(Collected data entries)
====

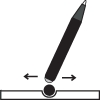 (2)ペンのおしりについているゴムでこすります。このゴムは温度を上げるための擦過材で、インクを削り取るためのものではありません。 | ![]() |
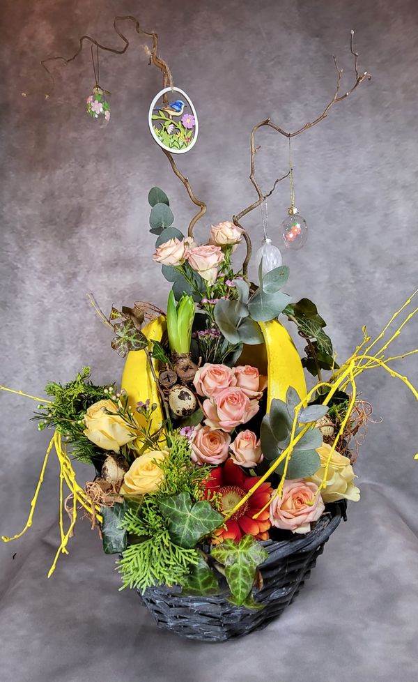 Een mand met een piepschuim ei, verse bloemen in steekschuim, een paastak en vrolijke paasdecoratie.
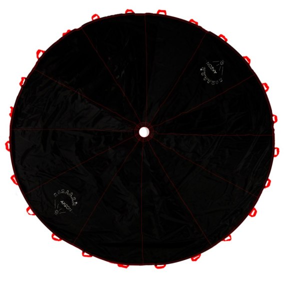 Spadochron animacyjny Akson to płachta animacyjna o wymiarach 3m średnicy w kolorze CZARNYM. Wykonany jest z materiału o mniejszej wytrzymałości i większej przezroczystości niż profesjonalna chusta animacyjna Akson. Materiał, z którego wykonane są spadochrony animacyjne jest lżejszy i błyszczący w świetle.
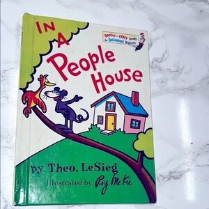 Colorful children's book 'In a People House' by Theo. LeSieg. Illustrated by Roy McKie. Features vibrant green and red cover.
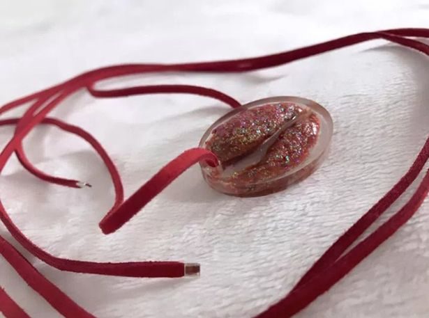 ▼最後將陰唇放入樹脂內,項鏈吊飾就這樣完成了。
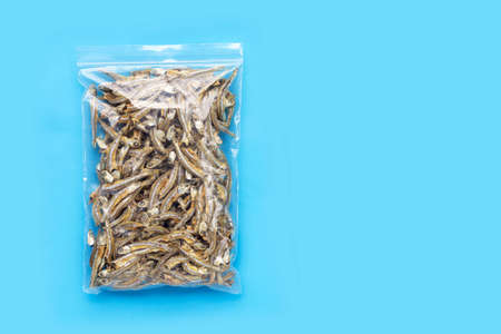 Dried anchovy plastic bag on blue background.
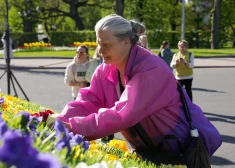 Latvijas Republikas Neatkarības atjaunošanas 34.gadadienai veltītajās svinībās noliek ziedus pie Brīvības pieminekļa, kur ikviens var iesaistīties ikgadējā objekta "Ziedu Latvija" ...
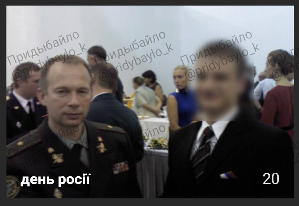 А в 2013-м ел торт с украинским и российским флагом на верхушке, обнимался с российскими военными на приёме. Лица на фото я замазал, потому что не удалось точно определить где находятся участники того праздника сейчас, кроме Сырского.
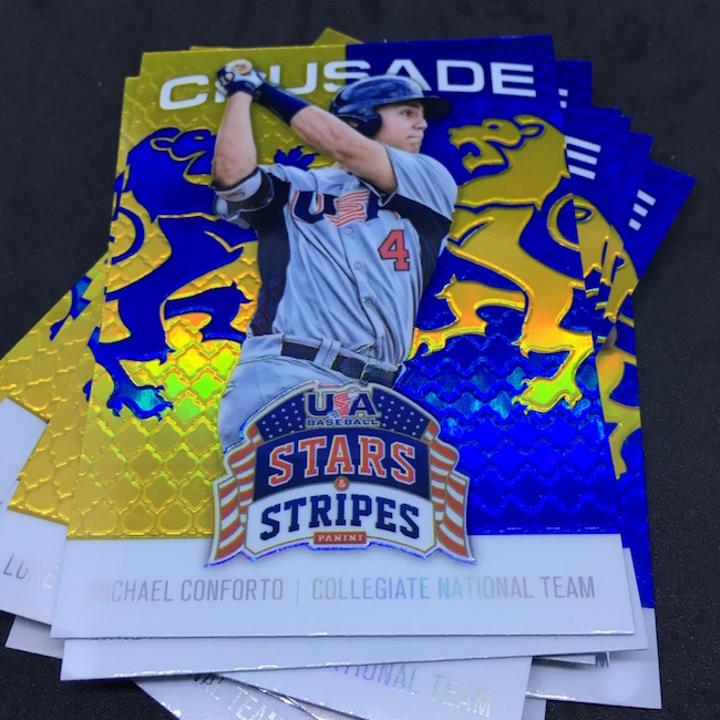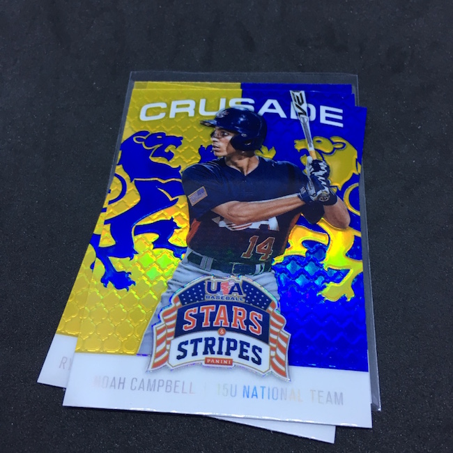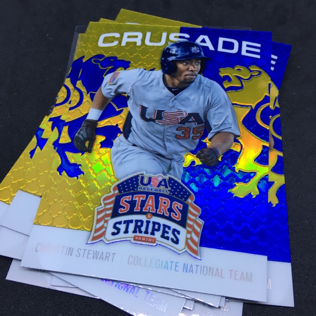 What's Buzz-worthy: I picked this one up since it's seemingly always delivered for me -- just look at those names among the base cards and realize that most of them, if not all, have autographs and memorabilia cards here. This time? Pretty much an average box hits-wise and the only thing that got it a B in my mind was the rare Crusade insert -- I've not pulled one of those before -- but otherwise this one was rough. It's probably my worst box I've pulled of this as ink from all those guys possible. I've pulled Corey Seager and even Kris Bryant patch ink here and a number of impressive patches. None this time. The version of this release before this one was loaded with past names as well as prospects -- with premium card types, too -- while this one is more focused on prospects. For the box price, the potential here is very good and very possible -- it just didn't happen this time.
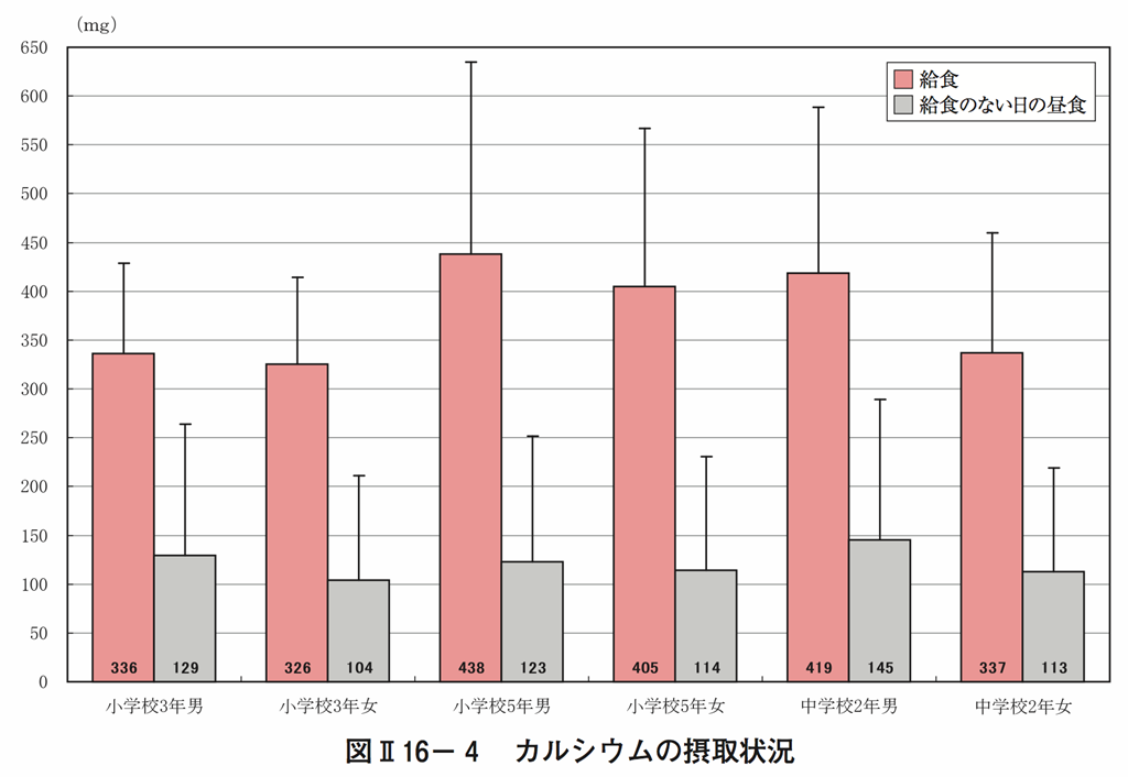 根據文部科學省2010年的學童飲食調查,比較上課日與假日的午餐,發現鈣質、維生素、礦物質等各類營養素假日時明顯不足,其中鈣質更是顯著低下,唯有鹽分攝取量高於上課日。許多家庭六日不開伙,常常到家庭餐廳或速食店解決一餐,原本應該在家庭中養成的正確的飲食習慣,現在反而必須藉由學校的推廣來改善。
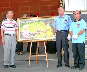 ![]() 左起:龟山乡乡长秘书林文能、民众服务社理事长邓庆辉、龟山乡长庚村村长方振华为“真善忍美展”揭画 |
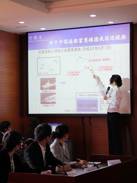 此次论坛首开角色扮演发言形式的先河,中大代表队,暨大代表队分别代表美国国务卿助理和日本外交部发言人,而作为东道主的广外代表队则代表中国外交部。三方齐聚,对关于钓鱼岛的问题各抒己见。首先是各代表队按照之前抽签的次序进行发言,发言环节考验的是选手们驾驭外交语言以及相关外事礼仪的能力,还有准备工作的深入程度。在每次代表队发言之后,是其他两个代表队和观众以及嘉宾的盘问时间,唇枪舌战,考量选手的应变能力。广外队率先登台,从国际法和史实出发,严申中国对钓鱼岛具有一贯的坚定立场和不可分割的主权。而中大代表队所代表的美国则强调了其从民主、和平、自由出发的对华关系立场,最后由暨大代表队扮演的日方代表表示,希望冷静严肃地处理这个问题,实现战略互惠。各方选手互不相让。评委和观众的提问同样具有强烈的针对性,选手们应答如流,正如专家点评的那样,本次论坛的选手们准备充足,应变能力强。
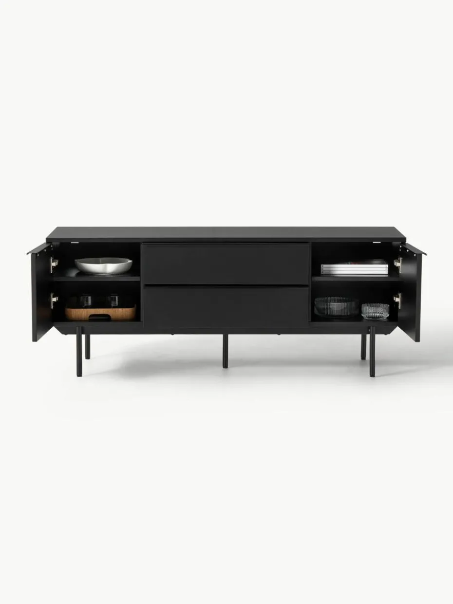 Die Schubladen und Türen verfügen über einen Soft-Close- sowie einen Push-To-Open-Mechanismus. Sie lassen sich somit geräuschlos schließen und verleihen Elona einen besonders puristischen und eleganten Look.“,“pdp_care_label“:“Das Produkt wird platzsparend verpackt geliefert und kann nach Montage der Beine sofort verwendet werden.

====

*Problem details*
Go back to the lines above and output, exactly as they stand, the ones from the line containing "Dried anchovy plastic" to the line containing "А в 2013-м ел". Leave all pictures behind.

*Response to this exercise*
 Dried anchovy plastic bag on blue background.
 Latvijas Republikas Neatkarības atjaunošanas 34.gadadienai veltītajās svinībās noliek ziedus pie Brīvības pieminekļa, kur ikviens var iesaistīties ikgadējā objekta "Ziedu Latvija" ...
 А в 2013-м ел торт с украинским и российским флагом на верхушке, обнимался с российскими военными на приёме. Лица на фото я замазал, потому что не удалось точно определить где находятся участники того праздника сейчас, кроме Сырского.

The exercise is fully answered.